Pit bull mixes my ass. I knew damn well those weren't pit-bull mixes. Maybe a mix of two different pit-bulls. The breed was illegal in Millstone, so every pit-bull had a little bit of something else in 'em... or at least on paper.

I glared at one of the dogs, and it snarled back, baring its teeth.

I wandered behind the truck, and the dogs' gazes followed me like they were guarding something, or maybe more like I was their next meal. I saw their leashes were firmly secured to the truck tie-down, so I snuck a peek into the bed.

No tarp. No crates.


I walked back around to the gas pump. "You move a lot of stuff with this truck?" I asked Joshua. "Or just the dogs?"

"It's a work truck," he responded vaguely, still avoiding looking at me.

I leaned back against his vehicle, purposefully invading his space. "Could fit a lot back there, I bet." I was really asking for trouble. I think I was mostly upset he'd intimidated and taken advantage of me before. My pride was wounded, and so now I wanted to get an upper hand on Joshua, subtly let him know that I knew something. Maybe not let him know how much I really knew... because it wasn't a lot.

Either way, Joshua kept his poker face. "Farm work," he clarified, which didn't make complete sense in response to my most recent remark.

The gas gage clicked off.
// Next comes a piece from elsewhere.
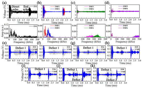 (a) ES1 in time and frequency domains, (b–d) IMFs of ES1 after applying VMD, (e) ES2, (f) ES3, (g) ES4, (h) ES5, (i) ES6, (j) ES7 and (k) ES8 before and after applying VMD.
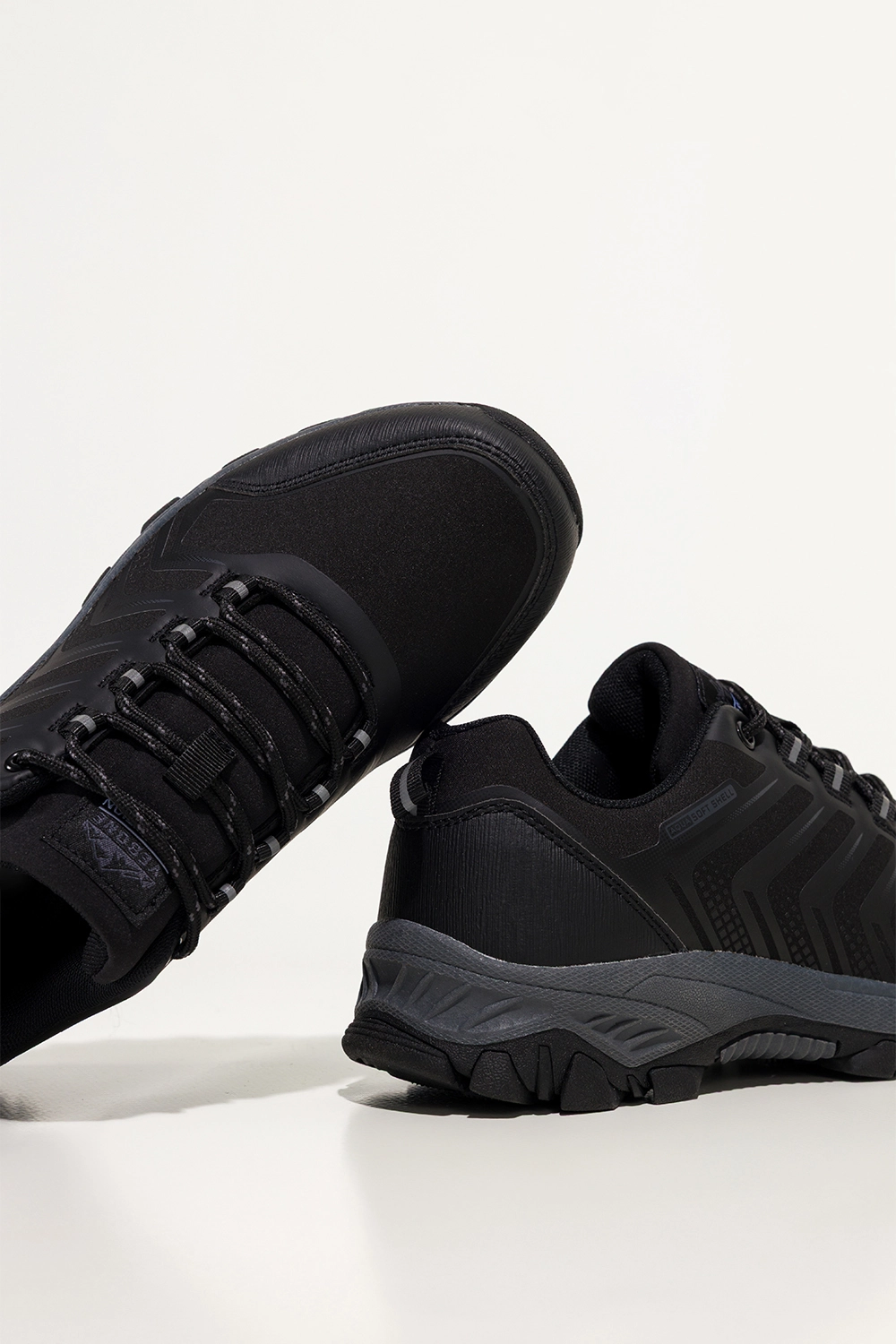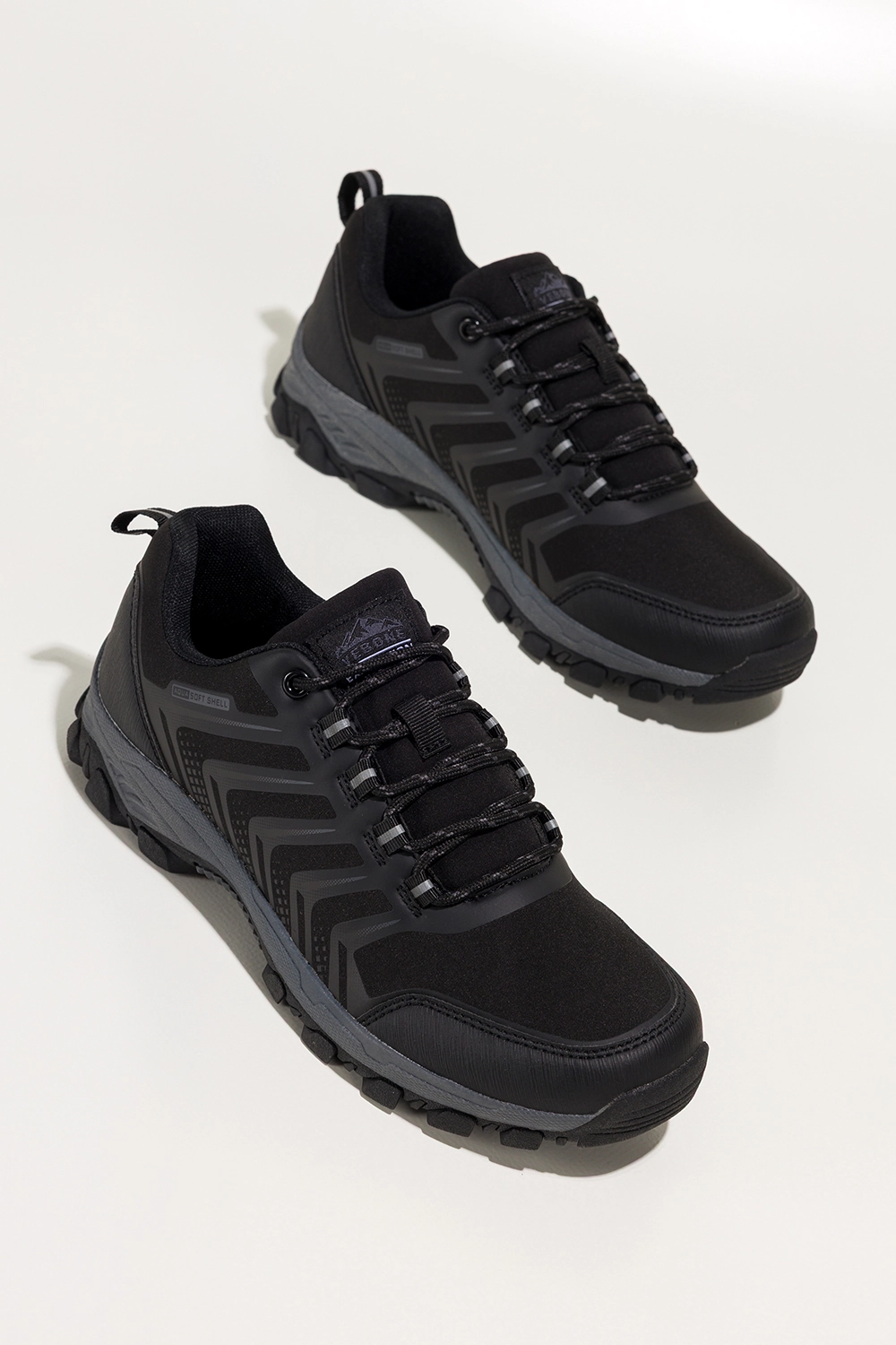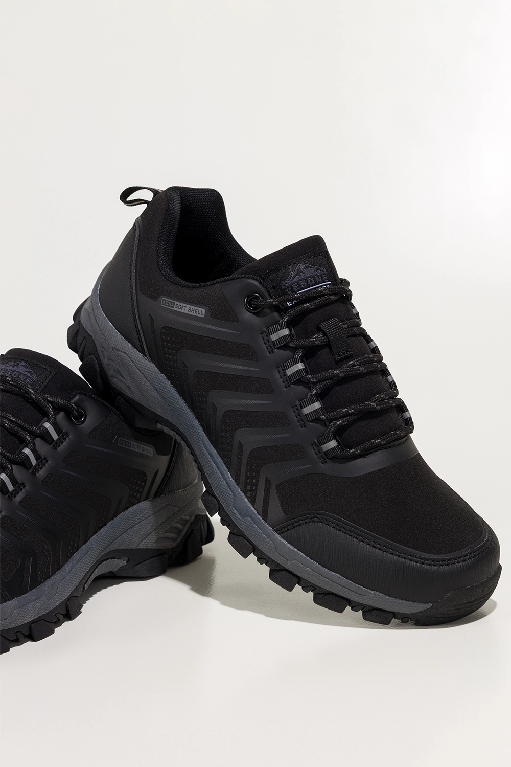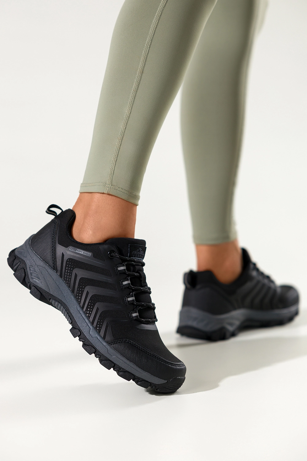 Czarne buty trekkingowe damskie buty sportowe softshell na bieżnikowanej podeszwie szare wstawki sznurowane Carla EY82933-8

I removed the nozzle from the truck and hung it up on the pump.

"You shouldn't smoke, kid," Joshua told me as I handed him his credit card and took a drag. "It's dangerous."

I rolled my eyes and took the cigarette out of my mouth, exhaling a grey cloud that smoldered in the air for half a second before the wind swiftly carried it away. "I know it isn't good for me. I'm an adult. I'll make my own decisions."
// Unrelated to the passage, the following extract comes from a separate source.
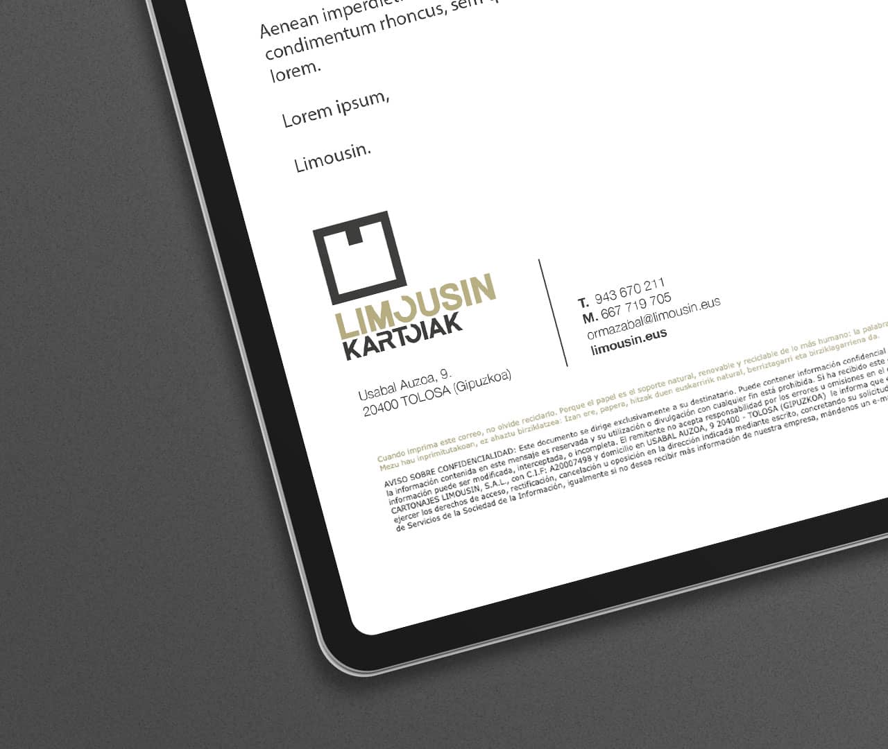 Esta empresa centenaria de Tolosa nos pidió un cambio de imagen. Una marca que transmitiera la solidez de esta fábrica y su capacidad para alinearse con el mercado. Y así surgió la nueva marca de Limousin kartoiak. Sobria, versátil y duradera. 3 características que también definen el producto que fabrican, el cartón.

"I don't give a shit about your health." Joshua's brown eyes met mine, and I couldn't help but notice the dark, heavy bags under them. Seemed like he hadn't slept in days. "But you are a fucking idiot. I just watched you light up barely thirty feet from these pumps. You'll blow yourself up, all these gasoline fumes in the air."
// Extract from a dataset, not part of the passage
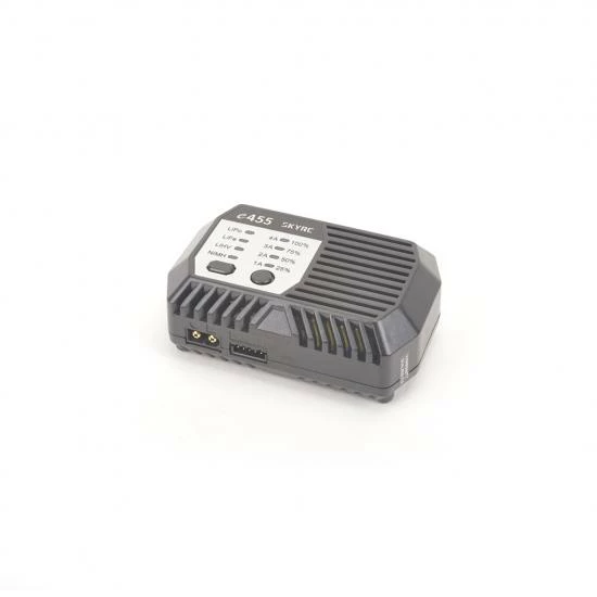 SkyRC e455 Charger is an economical, high-quality, universal 100-240V AC balance charger designed for charging LiPo, LiFe, and LiHV batteries from 2-4 cells in balance mode. It can also charge 6-8S NiMH batteries. The circuit power is 50W, and the max charge current can reach 4A.

"I've done this a hundred times before," I told him. "Never been a problem. Besides, it's windy out. Spreads the fumes away."

"You'd be surprised what wind can spread, Harper." He scowled. "All it takes is one slip up," he said as he started the engine, "to make a huge, fucking mess." He narrowed his eyes at me before putting the truck in drive. "Don't go looking for trouble, boy."

And then the wheels squealed, and he sped away.